Gdyby mógł Pan czytać moje myśli byłoby Panu tak samo przykro jak jest mnie, kiedy słyszę Pana obłudne słowa. Jak mógł Pan nie wymienić nazwiska – symbolu Solidarności i przemian w Polsce, Lecha Wałęsy w 35 rocznicę powstania Solidarności i podpisania Porozumień Sierpniowych ? Nie zaprosić na rocznicowe uroczystości Premiera Rządu Polskiego?

Jest mi wstyd Panie Prezydencie Rzeczypospolitej Polskiej, że pod hasłami zgody narodowej, wspólnoty, wzajemnego szacunku, solidarności i prawdy – buduje Pan mur niezgody, nienawiści, upokarzania ludzi, obłudy, fałszu i nieprawdy.

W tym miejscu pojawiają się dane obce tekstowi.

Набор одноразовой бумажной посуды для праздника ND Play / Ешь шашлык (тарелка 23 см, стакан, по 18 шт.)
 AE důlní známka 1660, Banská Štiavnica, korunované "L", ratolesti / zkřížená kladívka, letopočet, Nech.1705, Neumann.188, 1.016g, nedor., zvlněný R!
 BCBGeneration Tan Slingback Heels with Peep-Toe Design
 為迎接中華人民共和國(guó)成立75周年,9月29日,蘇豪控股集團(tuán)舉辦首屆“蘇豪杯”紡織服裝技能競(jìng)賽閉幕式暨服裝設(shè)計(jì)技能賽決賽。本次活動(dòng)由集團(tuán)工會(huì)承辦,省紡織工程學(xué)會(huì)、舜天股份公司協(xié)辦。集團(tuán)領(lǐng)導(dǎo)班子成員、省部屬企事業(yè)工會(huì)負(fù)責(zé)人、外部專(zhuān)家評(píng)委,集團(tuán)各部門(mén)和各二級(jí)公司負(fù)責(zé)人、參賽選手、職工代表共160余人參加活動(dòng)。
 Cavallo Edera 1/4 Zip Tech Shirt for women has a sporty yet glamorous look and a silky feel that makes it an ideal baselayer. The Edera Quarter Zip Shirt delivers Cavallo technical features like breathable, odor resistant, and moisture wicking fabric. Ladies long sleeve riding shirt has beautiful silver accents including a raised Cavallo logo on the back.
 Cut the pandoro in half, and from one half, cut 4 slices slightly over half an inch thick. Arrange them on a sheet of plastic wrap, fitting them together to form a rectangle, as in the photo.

Mocne słowa, ale to co pada
z Pana ust jest po wielekroć mocniejsze, rażące i niesprawiedliwe. Małostkowość, zawziętość, zakłamywanie najnowszej historii, których celem jest li tylko zdobycie władzy – oto cechy, które urzędujący Prezydent RP akceptuje i wyraża.

Zdaję sobie doskonale sprawę, że moje oburzenie nie zrobi na Panu i pana ekipie wrażenia. Ciekawa również jestem kiedy pod sztandarem demokracji zaczniecie namacalnie szykanować ludzi takich jak ja, myślących inaczej, szanujących ludzi oraz pojęcia: Ojczyzna, patriotyzm, honor, przyzwoitość, lecz na Pana nie głosujących..

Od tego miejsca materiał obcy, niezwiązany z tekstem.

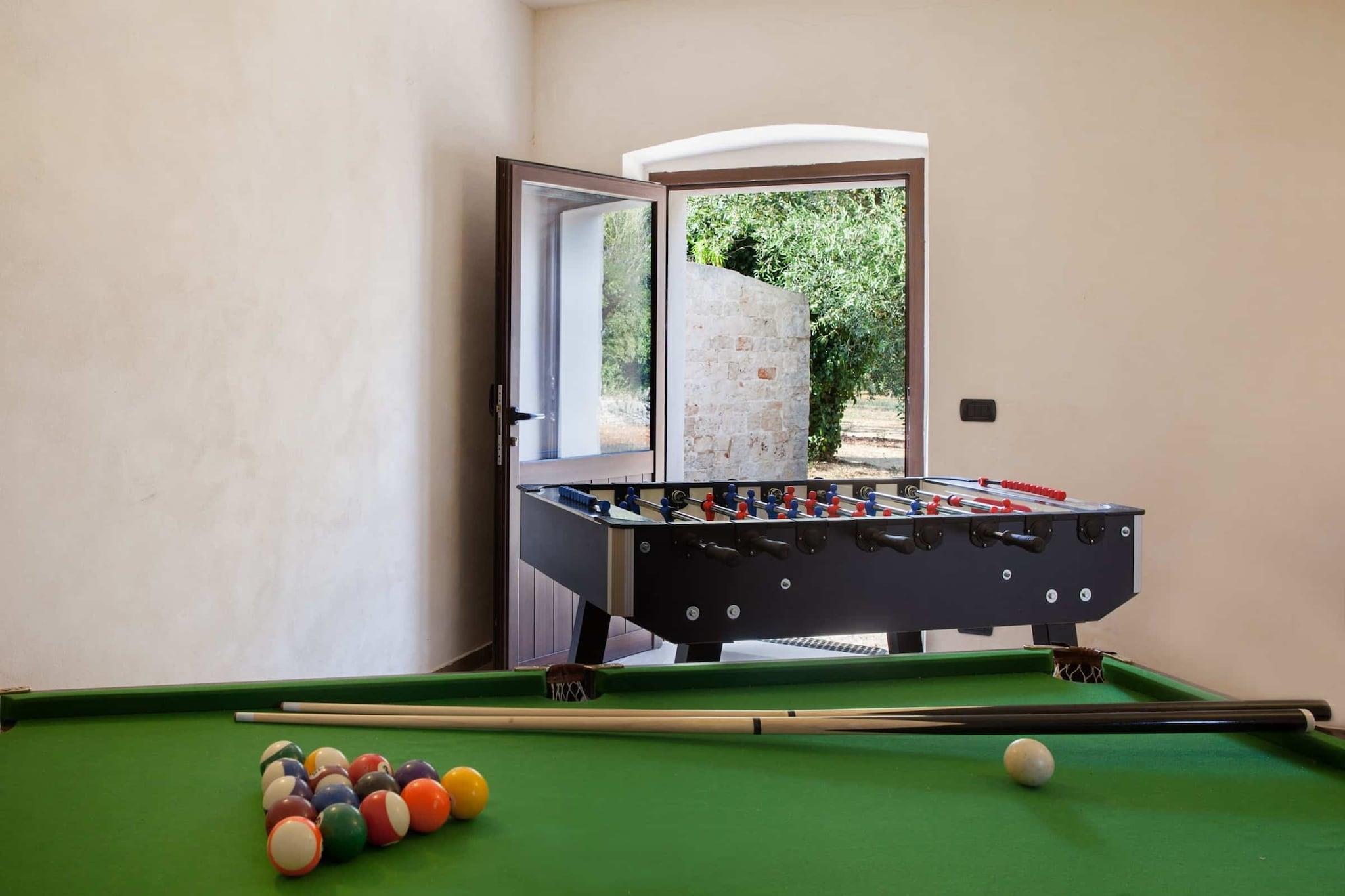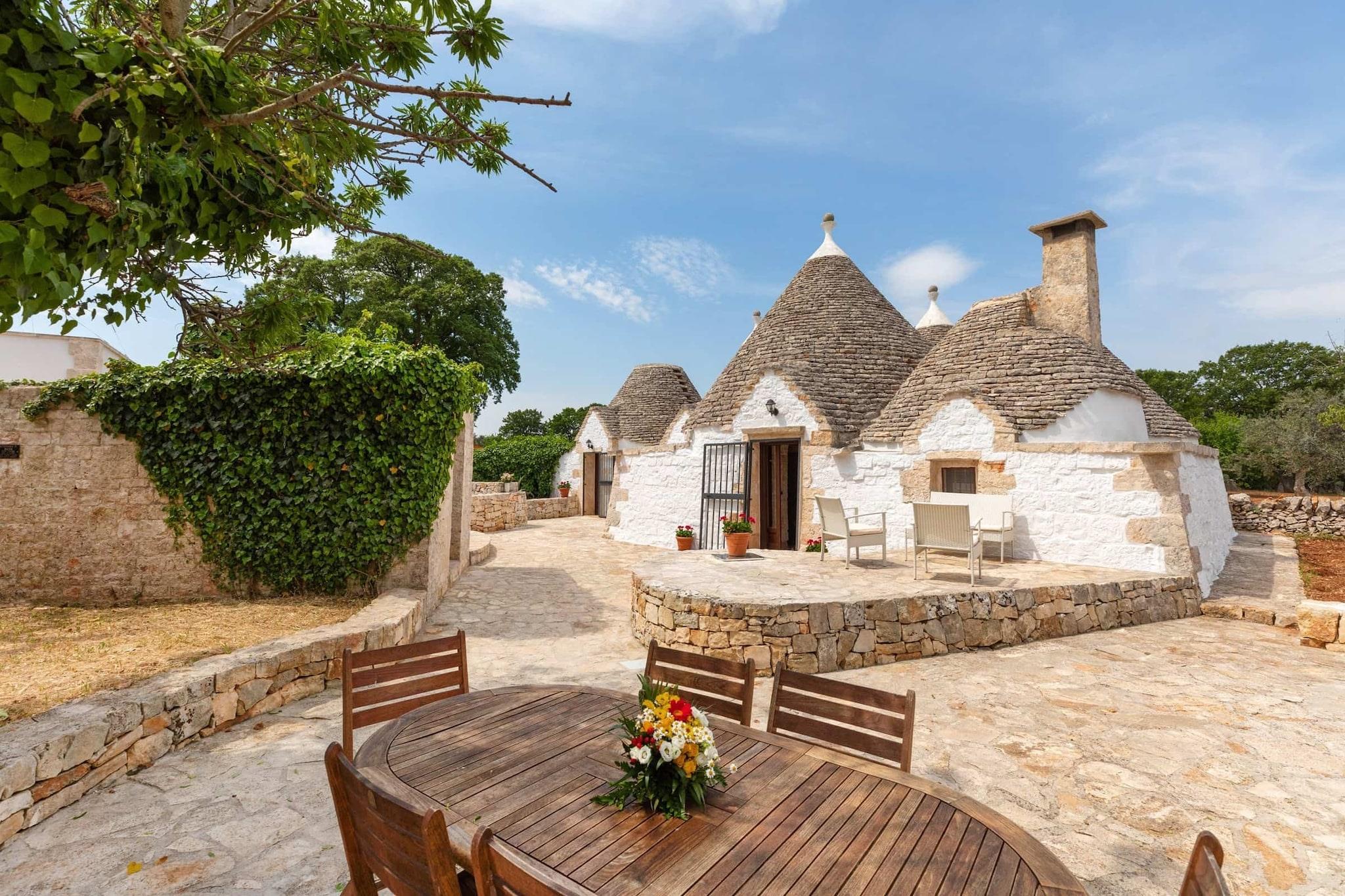 Navnet siger det hele: storslået trullo-feriehus nær Locorotondo. Nedsænket i det smukke landskab er komplekset blevet omhyggeligt renoveret ved hjælp af gamle materialer og med bevarelse af de seks kegler. En pool fuldender ejendommens exceptionelle karakter. Feriehuset kan rumme seks personer fordelt på tre soveværelser med to badeværelser, hvoraf det ene er ensuite. Stor stue med åbent køkken og karakteristisk trullo med original gammel pejs. Den underjordiske pool på 5 x 10 m med romerske trin er beliggende nær den gamle gård i skyggen af mandel- og oliventræer. Trulloen er i en strategisk position ikke langt fra Alberobello og Locorotondo og de vigtigste turistcentre i Itria-dalen Adriaterhavskysten mellem Polignano og lystbådehavnen i Ostuni er let at nå.

Na szczęście jestem w mocno zaawansowanym wieku, wiele i wielu przeżyłam i dalej też wytrzymam. Przykro mi tylko, że gorycz jest moją karmą codziennego dnia – z powodu Pana Panie Prezydencie, Pańskiego nieformalnego szefa i Pana całej „byłej” formacji.

Dedykuję do przemyślenia artykuł Jarosława Kurskiego z Gazety Wyborczej – „Gumowanie Wałęsy”.